» **Your objective**:
Would you retype the listing word for word, skipping its pictures?
[Dataset extract Boundary: Start]
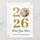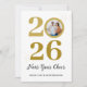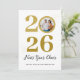 Trendy Elegant Script Happy New Year One Photo Holiday Card
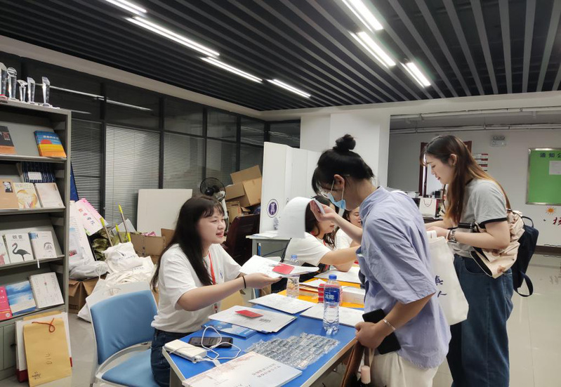 上午七点,志愿者穿着统一服装在清凉的晨风中到达集合地点。男生志愿者在一食堂前的广场上搭起帐篷,准备签到表和小推车;女生志愿者在科教楼B座16楼大厅搭好桌子,准备新生报道材料和物资。随着新生的陆续到来,志愿者们井然有序地忙碌起来,核对新生信息,帮助新生搬运行李;分发《研究生手册》、校园卡、防疫爱心包等入学材料与防疫物资。新生纷纷表示,南宫体育的迎新工作充满爱心、让人舒心,十分暖心!
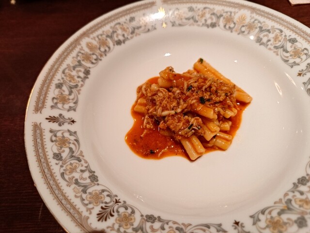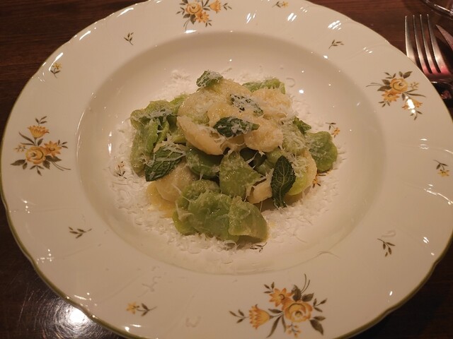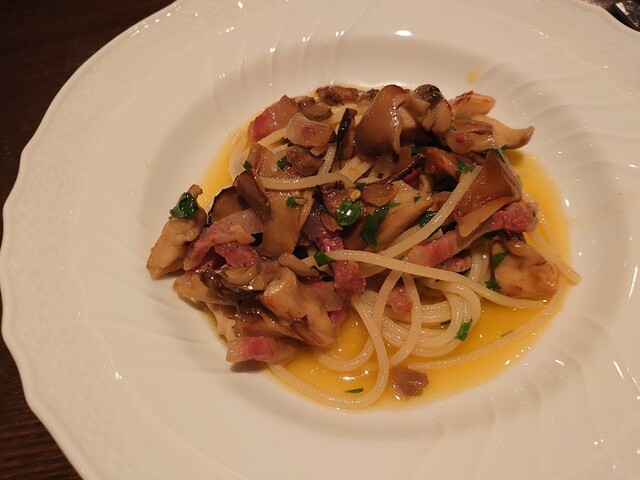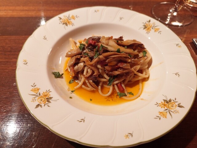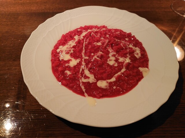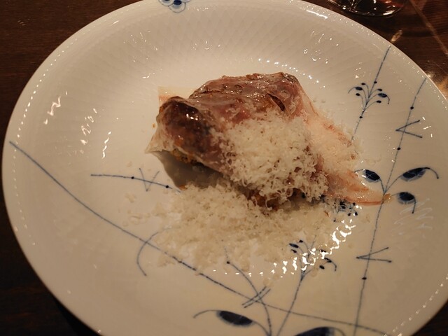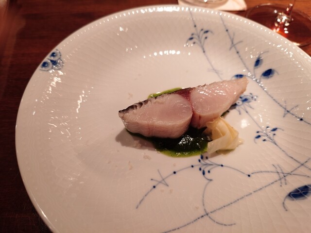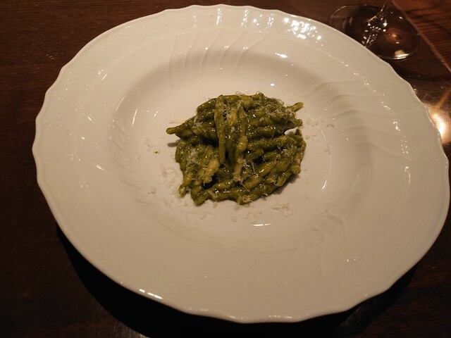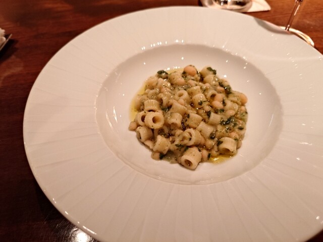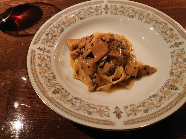 鰆。完璧な火入れ。皮パリ身はしっとり。こんな素晴らしい鰆は初めて。ランゲの赤ワイン。猪の煮込み。8時間煮込み。とても綺麗なお味。リオハの白ワイン。リゾットはサフラン。チーズはパルミジャーノレッジャーノ。キャンテイ。パスタは白インゲン豆と青唐辛子のショートパスタ。メインはニュージーランドの羊。ソミュールシャンピニー。デザートはテイラミス。素晴らしいお料理とワイン。ごちそうさまでした。
[Dataset extract Boundary: End]
» **Task result**:
 Trendy Elegant Script Happy New Year One Photo Holiday Card
 上午七点,志愿者穿着统一服装在清凉的晨风中到达集合地点。男生志愿者在一食堂前的广场上搭起帐篷,准备签到表和小推车;女生志愿者在科教楼B座16楼大厅搭好桌子,准备新生报道材料和物资。随着新生的陆续到来,志愿者们井然有序地忙碌起来,核对新生信息,帮助新生搬运行李;分发《研究生手册》、校园卡、防疫爱心包等入学材料与防疫物资。新生纷纷表示,南宫体育的迎新工作充满爱心、让人舒心,十分暖心!
 鰆。完璧な火入れ。皮パリ身はしっとり。こんな素晴らしい鰆は初めて。ランゲの赤ワイン。猪の煮込み。8時間煮込み。とても綺麗なお味。リオハの白ワイン。リゾットはサフラン。チーズはパルミジャーノレッジャーノ。キャンテイ。パスタは白インゲン豆と青唐辛子のショートパスタ。メインはニュージーランドの羊。ソミュールシャンピニー。デザートはテイラミス。素晴らしいお料理とワイン。ごちそうさまでした。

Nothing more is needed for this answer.